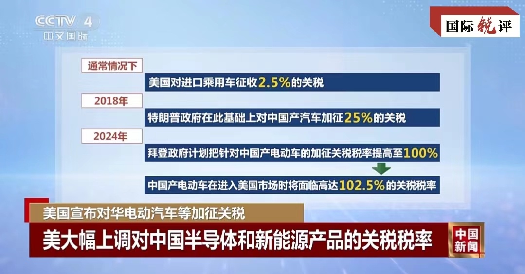 這其中,對(duì)中國(guó)電動(dòng)汽車加征的進(jìn)口關(guān)稅令人瞠目——從27.5%升至102.5%,對(duì)太陽(yáng)能電池的進(jìn)口稅從25%提高到50%,對(duì)鋰電池的關(guān)稅稅率從7.5%提高到25%。不難看出,美國(guó)政府此次針對(duì)的重點(diǎn)是中國(guó)新能源相關(guān)產(chǎn)業(yè)。難怪美國(guó)多名高官近期密集炒作所謂中國(guó)新能源“產(chǎn)能過(guò)?!保贿^(guò)是為加征關(guān)稅制造借口。
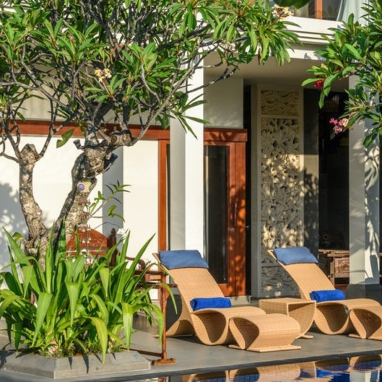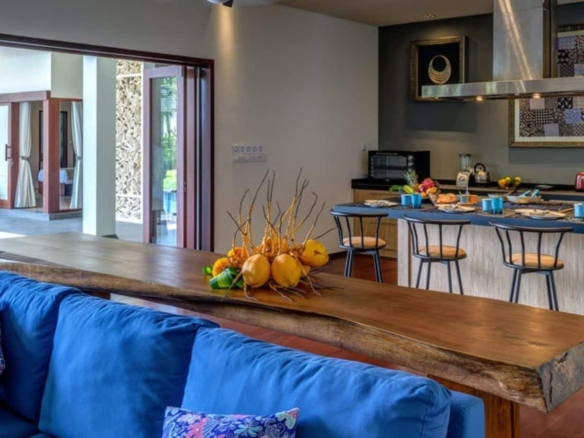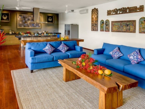 Set within enchanted gardens, the 1320 Sqm fully-furnished, contemporary villa was inspired by traditional Balinese architecture, and Feng Shui. There are several areas for lounging and dining, including communal living, an open kitchen, and lots of private spaces. Includes Villa Manager, Butlers, Housekeepers, Chefs, Gardeners, and Engineers.
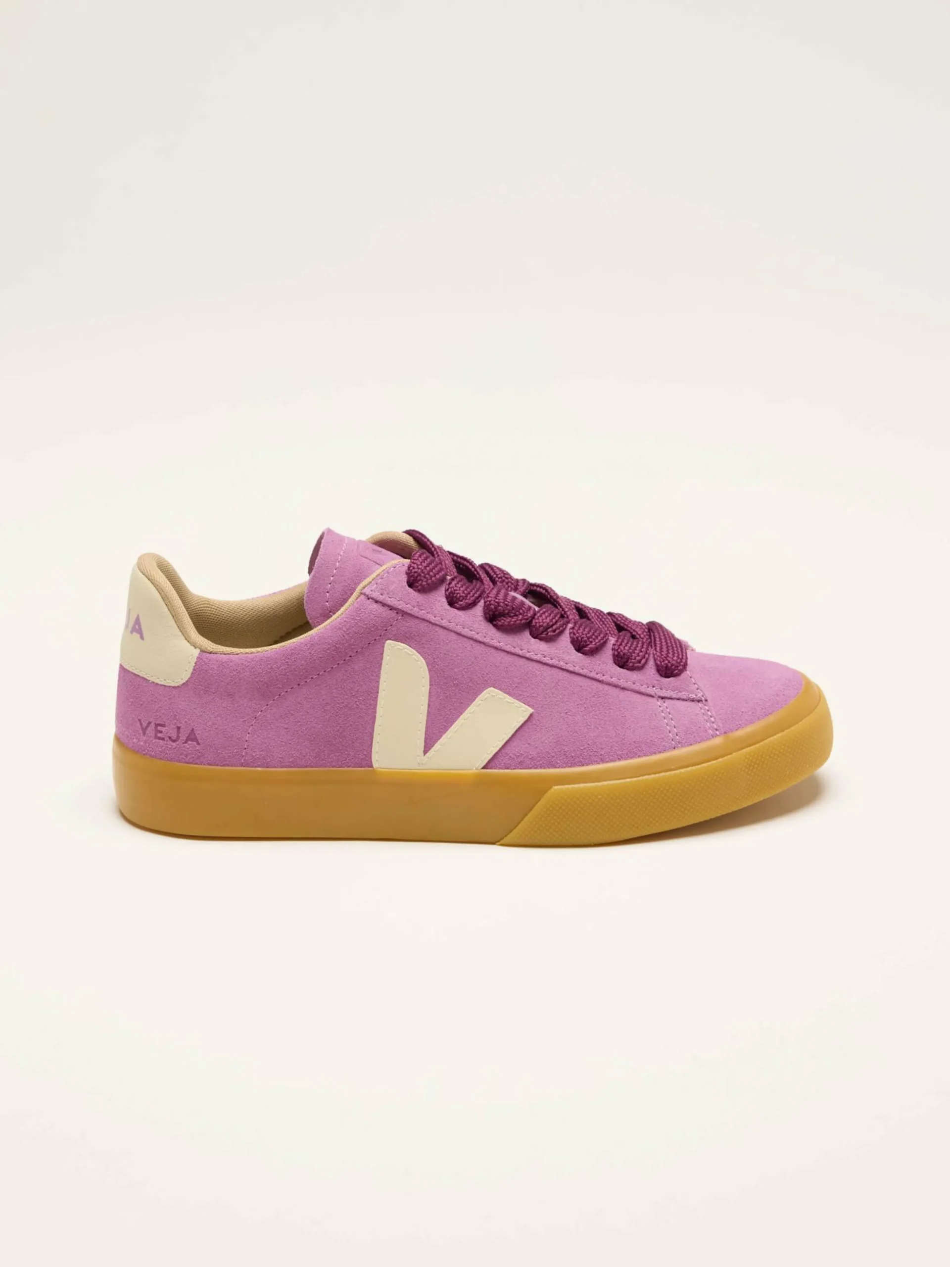 Les sneakers en daim Veja Campo Bold Mulberry Pierre sont dotées d’une semelle extérieure en caoutchouc amazonien recyclé et de larges lacets ton sur ton.
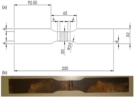 Tensile test specimens: (a) schematic with dimensions (mm), and (b) actually tested specimen with rupture beginning at the HAZ.
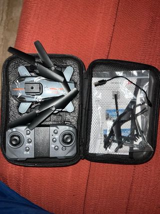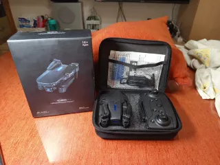 Este dron plegable viene con su control remoto y estuche de transporte. - Dron plegable - Control remoto - Estuche de transporte -batería,cable,y repuestos
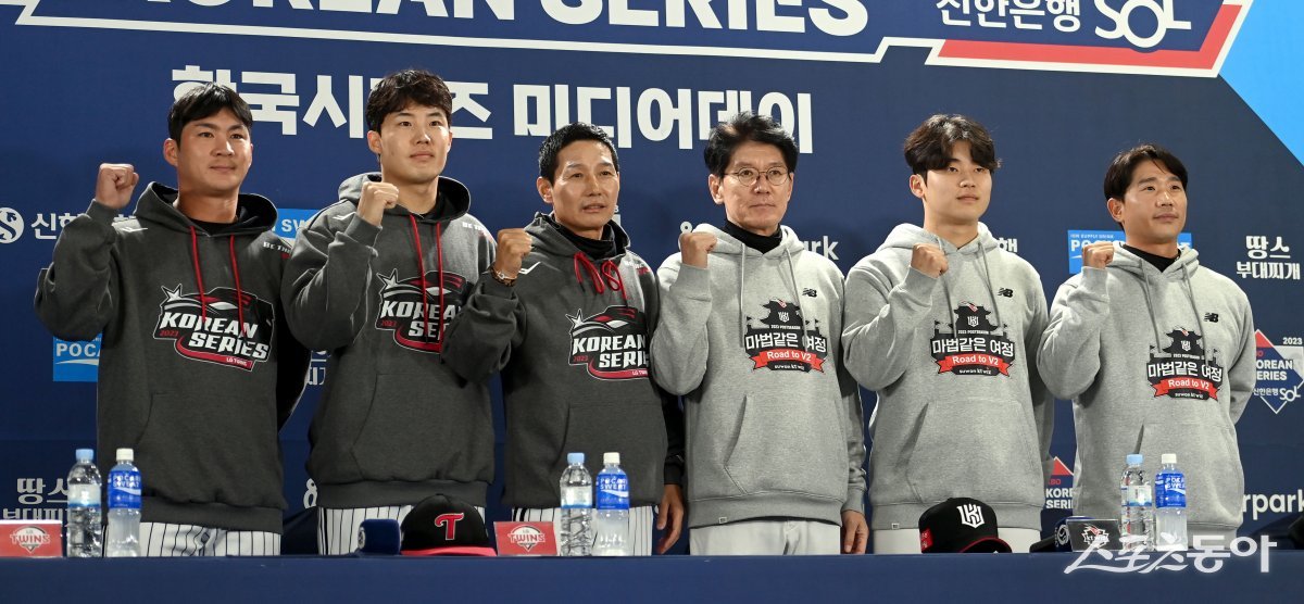 6일 서울 잠실야구장에서 열린 ‘2023 신한은행 SOL KBO리그’ LG 트윈스와 KT 위즈의 포스트시즌 한국시리즈 미디어데이에서 LG 오지환, 임찬규 염경엽 감독과 KT 이강철 감독, 박영현, 박경수가 기념촬영을 하고 있다.
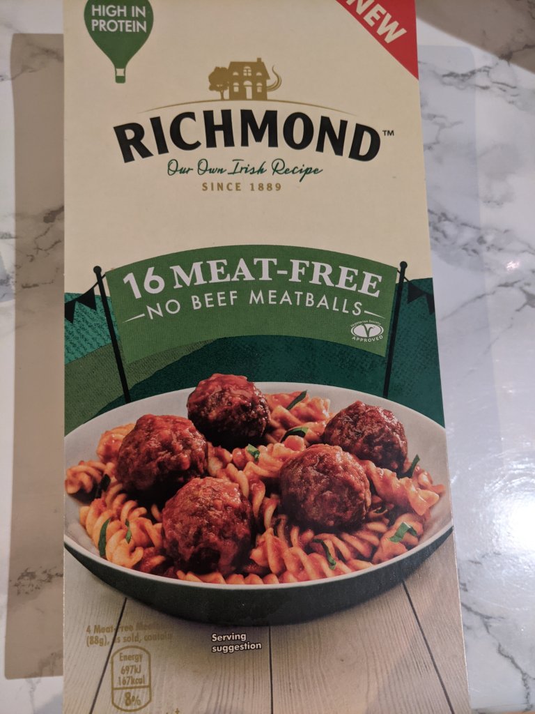 I am a big fan of the Richmond meat free sausages, so was very excited to see them expanding their range slightly. I noticed these, along with some bacon rashers that I will also be trying in the next few weeks. The meat free meatballs currently on the market have been very slim, and the one or two I have tried have either turned into blocks of cement when cooked or are just mushy no matter how much you try to cook them.
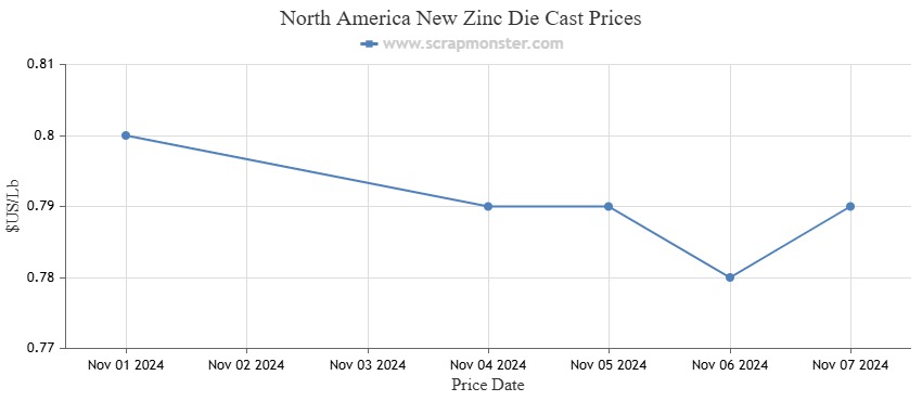 The price of New Zinc Die Cast decreased by 1.25% over the previous week, from $0.80 to $0.79 per pound. Week after week, Old Zinc Die Cast prices likewise decreased. As of Thursday, November 7, 2024, the closing price of the commodity was $0.67 a pound.

## [What to produce]
Pictures must be left out. Return verbatim only the lines from the line with "6일 서울 잠실야구장에서" through the final line of the material above, including both ends.

## [Written answer]
 6일 서울 잠실야구장에서 열린 ‘2023 신한은행 SOL KBO리그’ LG 트윈스와 KT 위즈의 포스트시즌 한국시리즈 미디어데이에서 LG 오지환, 임찬규 염경엽 감독과 KT 이강철 감독, 박영현, 박경수가 기념촬영을 하고 있다.
 I am a big fan of the Richmond meat free sausages, so was very excited to see them expanding their range slightly. I noticed these, along with some bacon rashers that I will also be trying in the next few weeks. The meat free meatballs currently on the market have been very slim, and the one or two I have tried have either turned into blocks of cement when cooked or are just mushy no matter how much you try to cook them.
 The price of New Zinc Die Cast decreased by 1.25% over the previous week, from $0.80 to $0.79 per pound. Week after week, Old Zinc Die Cast prices likewise decreased. As of Thursday, November 7, 2024, the closing price of the commodity was $0.67 a pound.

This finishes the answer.